Hani bana verdiğin o söz
Söyle hani nerelerdesin yarim
Ateş düşürdün bu gönüle
Niye gelmiyorsun sevdiğim
Ateş düşürdün bu cana
Niye gelmiyorsun mekanım
Beni erittin, beni erittin
Seyda'nın kızı beni erittin
Bu sevdanın aşkına
Doktor, hekim gezdirdin beni
Bu sevdanın aşkına
Hekim, doktor gezdirdin beni
Dua ederdim ben gece gündüz
Bir daha seni görseydim
Babanın kalbi taş
Seni başka şehirlere verdi
Babanın kalbi taş
Seni uzak şehirlere verdi
Beni erittin, beni erittin
Seyda'nın kızı beni erittin
Bu sevdanın aşkına
Doktor, hekim gezdirdin beni
Bu sevdanın aşkına
Hekim, doktor gezdirdin beni
Gülcan türküyü bittirdiğinde oda bende ağlıyorduk, birbirimize bakınca gülmeye başlamıştı eskiden olduğu gibi yavaşça damadan odaya geçtiğimizde kısa süre içinde gülcan kendini uykuya teslim etmişti ama benim için rahat değildi odadan çıkıp salona gittip baktığımda Dağhan ve Mustafa uyuyordu salondan tekrar çıkıp mutfağa gittim kahve yapmak için , cezveye kahveyi koyarken gözlerimin puslanmasından ağlamaya başladığımı anladım. Ben ağlarken belime dolan ellerle yerimden sıçramıştım ama tanıdık kokuyla hızla Mustafa'ya dönerek iyice ağlamaya başladım bir taraftan da onun başımı öpmesi benim iyice ağlamam sebep oluyordu
"Ben ne yapacağım iki sevdiğim insan birbirleri için acı çekerken ben bir şey yapamıyorum. Mustafa yorgunum "

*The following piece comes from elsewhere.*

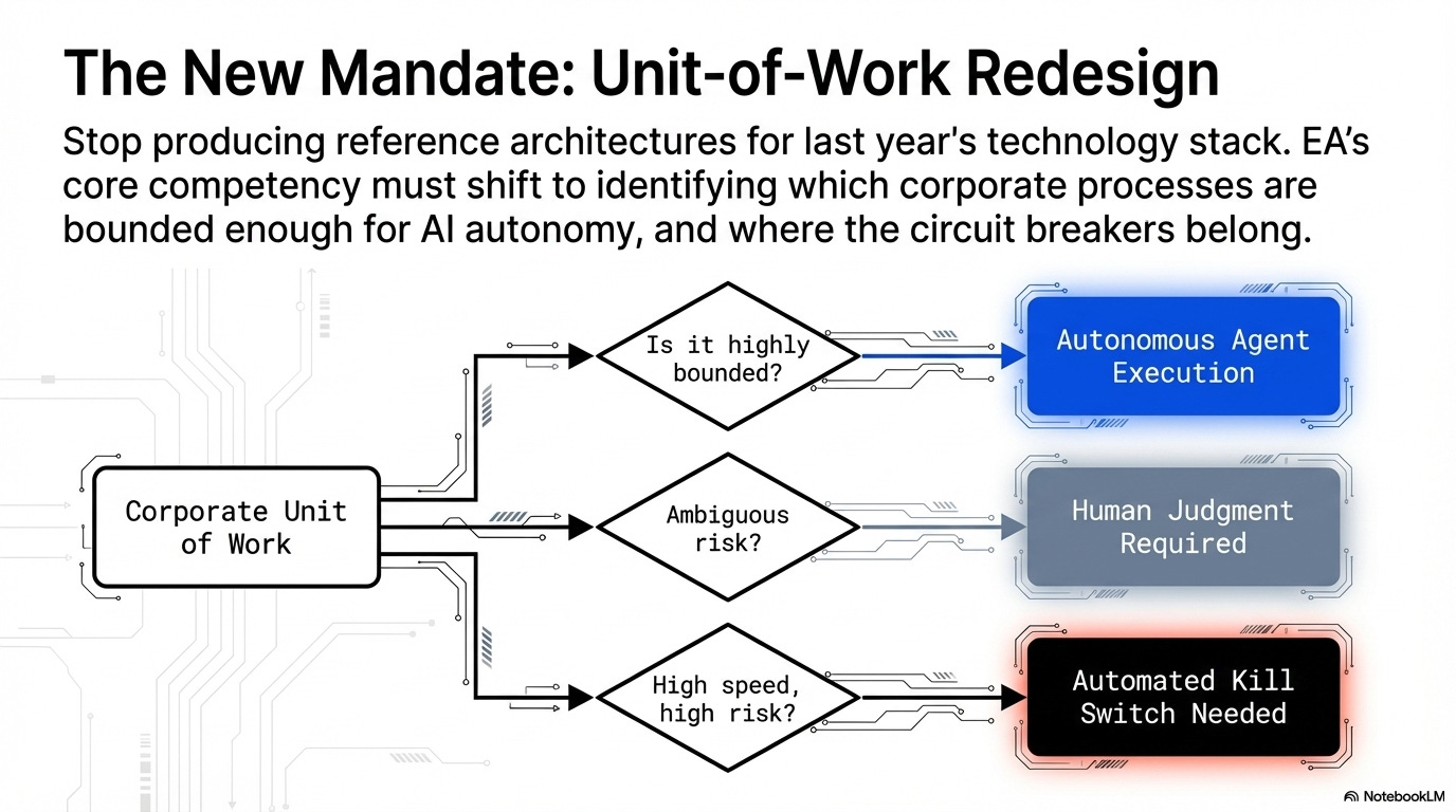 In practice: EA should be identifying which units of work to redesign for AI agents: which processes are bounded enough for autonomous execution, which require human judgment, which need kill switches. Instead, most EA teams are producing reference architectures for last year’s technology stack while platform teams do the actual redesign.

"Gülüm tamam ağlama beraber halledeceğiz gel yatalım "
"Dama çıkalım mı " dediğimle yüzümü iki eliyle severek anlımı öperken " hadi çıkalım gül güzeli "
Dama çıktığımızda Mustafa yerdeki kilim üstüne oturup sırtını hafif yüksek olan duvara dayadı. Ben de yanına oturarak yan döndüm ve başımı göğsüne dayadım ve elimi kalbinin üzerine koyarak uyumaya çalıştım. Mustafa'nın sarılıp anlımdan öpmesi beni uykunun kollarına bırakırken " ben seni hiçbir zaman bırakmayacağım gül güzelim"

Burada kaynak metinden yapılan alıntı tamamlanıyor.